**Problem details**
The required output is the exact run of lines in the listing below from the line holding "Hippe verjaardagsuitnodiging meg" through the line holding "Duża torebka worek", with no pictures.

**Stored data**
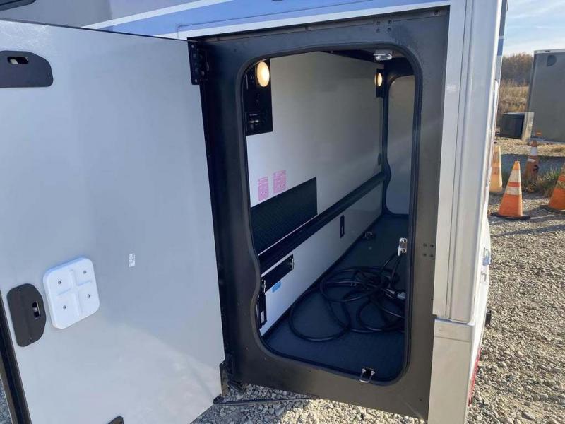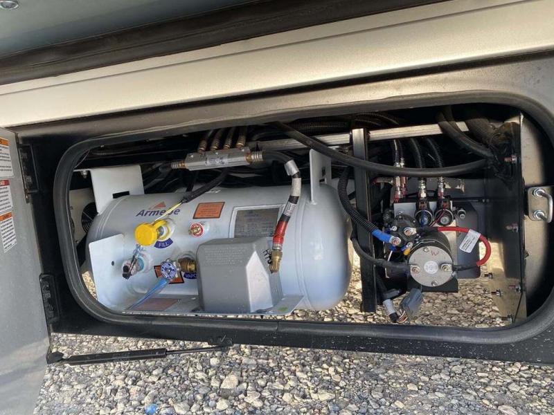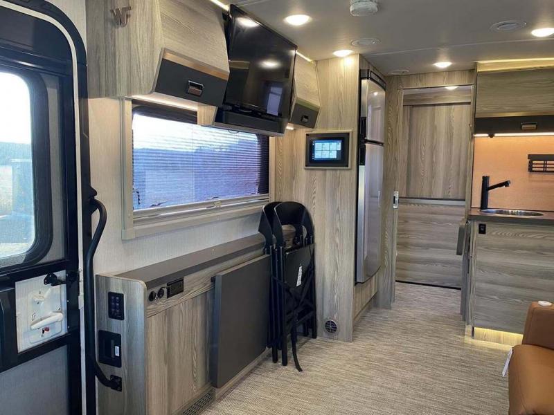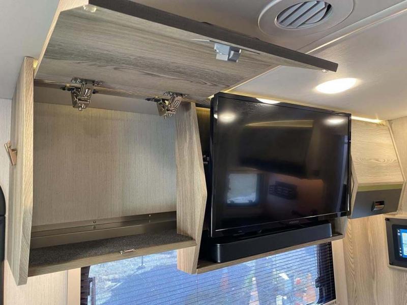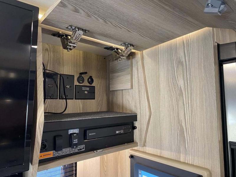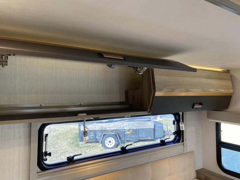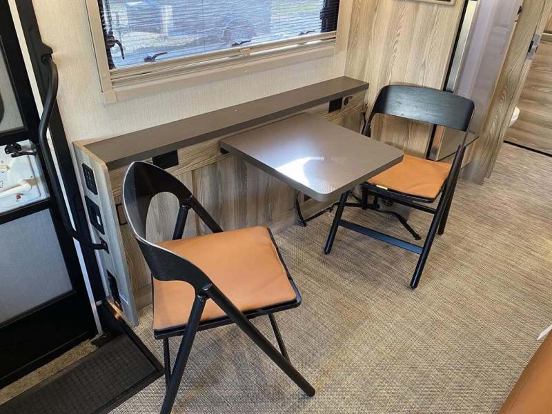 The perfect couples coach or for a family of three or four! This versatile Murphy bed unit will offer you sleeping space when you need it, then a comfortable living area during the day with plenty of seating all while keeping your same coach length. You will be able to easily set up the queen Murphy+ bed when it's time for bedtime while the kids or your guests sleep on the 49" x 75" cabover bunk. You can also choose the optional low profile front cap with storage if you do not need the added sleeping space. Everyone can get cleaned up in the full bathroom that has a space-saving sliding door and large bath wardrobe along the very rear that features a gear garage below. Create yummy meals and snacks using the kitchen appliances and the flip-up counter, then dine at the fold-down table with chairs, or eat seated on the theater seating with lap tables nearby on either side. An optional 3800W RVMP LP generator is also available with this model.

---

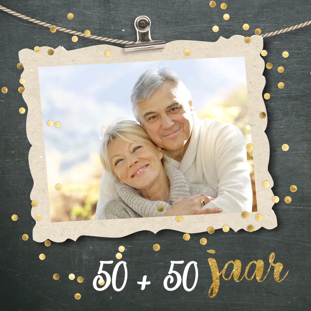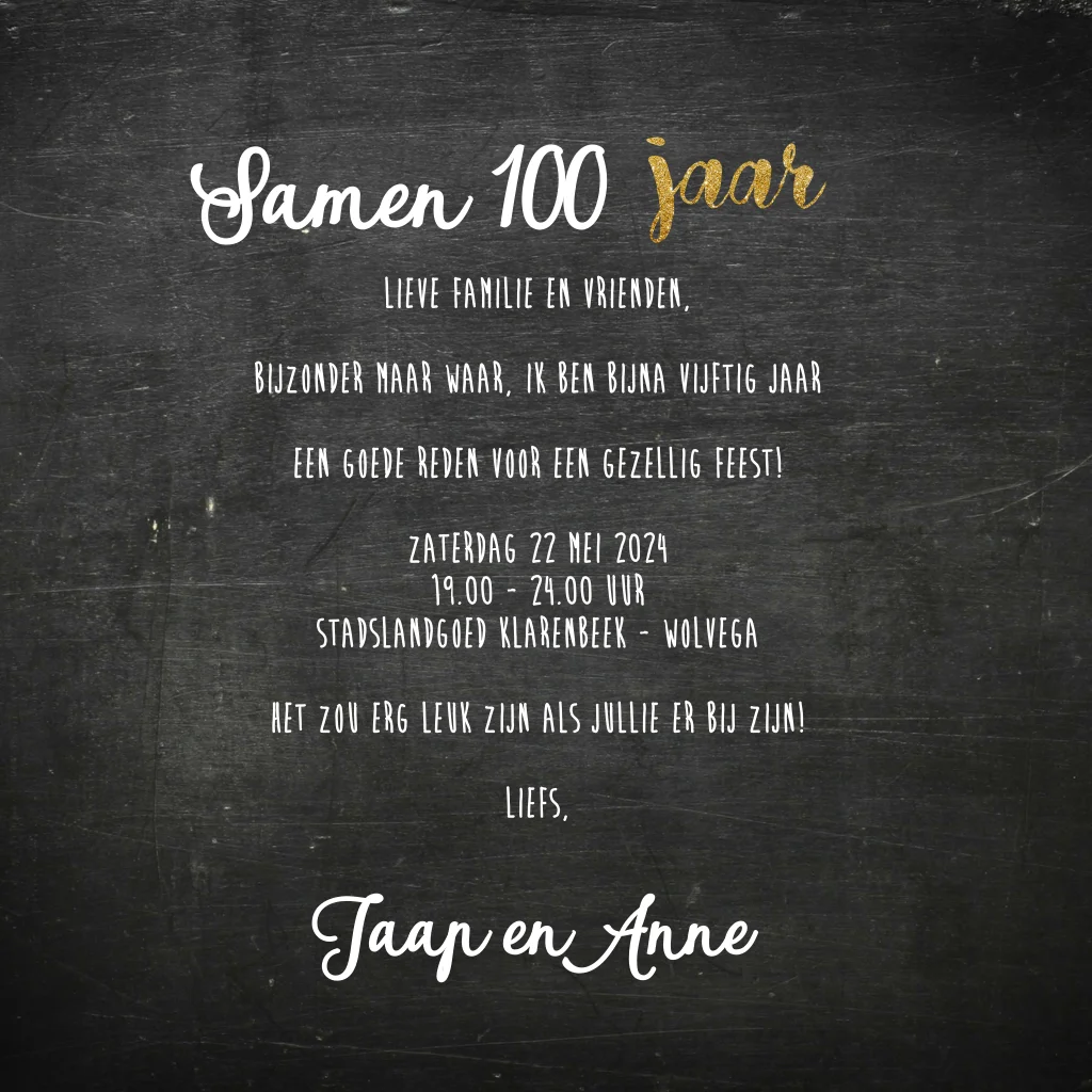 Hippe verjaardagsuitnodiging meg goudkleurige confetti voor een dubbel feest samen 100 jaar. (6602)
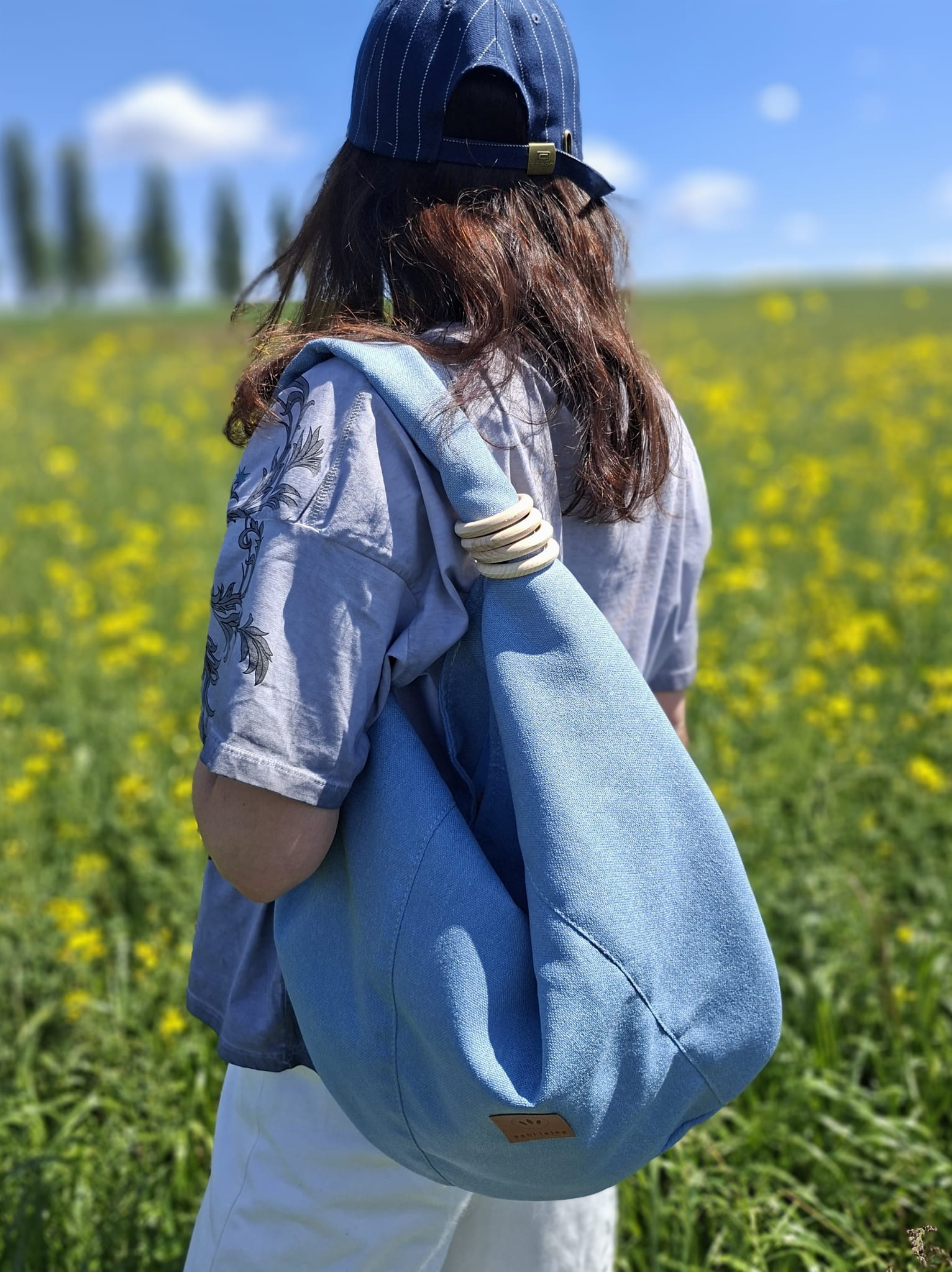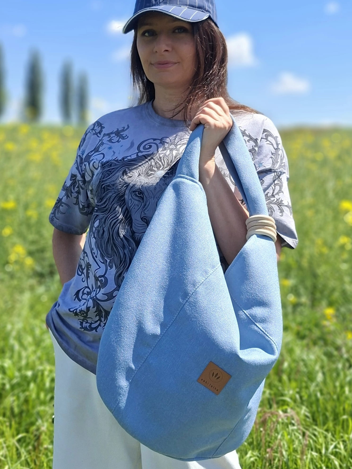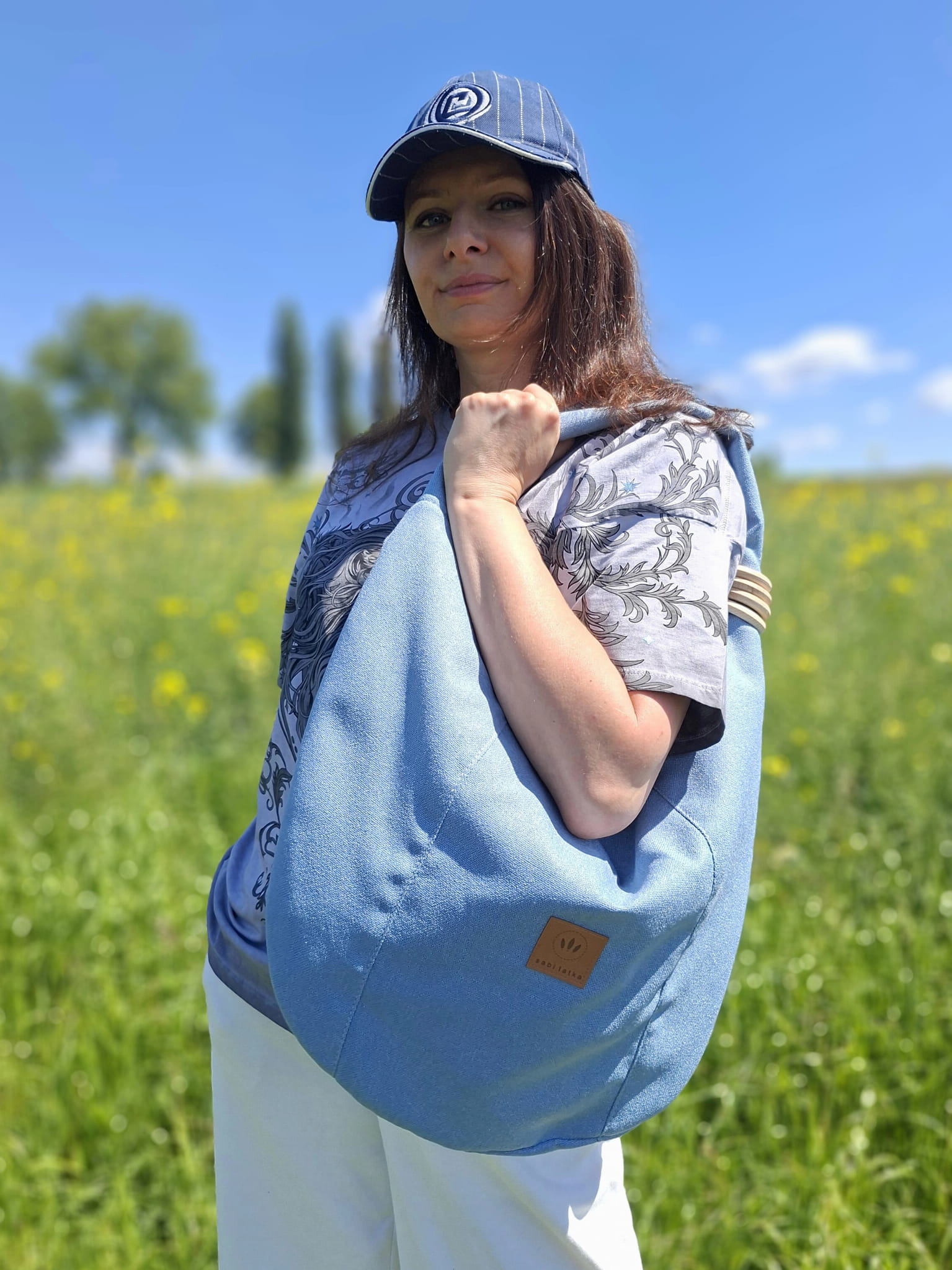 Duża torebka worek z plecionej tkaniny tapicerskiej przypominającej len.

**Completed task**
 Hippe verjaardagsuitnodiging meg goudkleurige confetti voor een dubbel feest samen 100 jaar. (6602)
 Duża torebka worek z plecionej tkaniny tapicerskiej przypominającej len.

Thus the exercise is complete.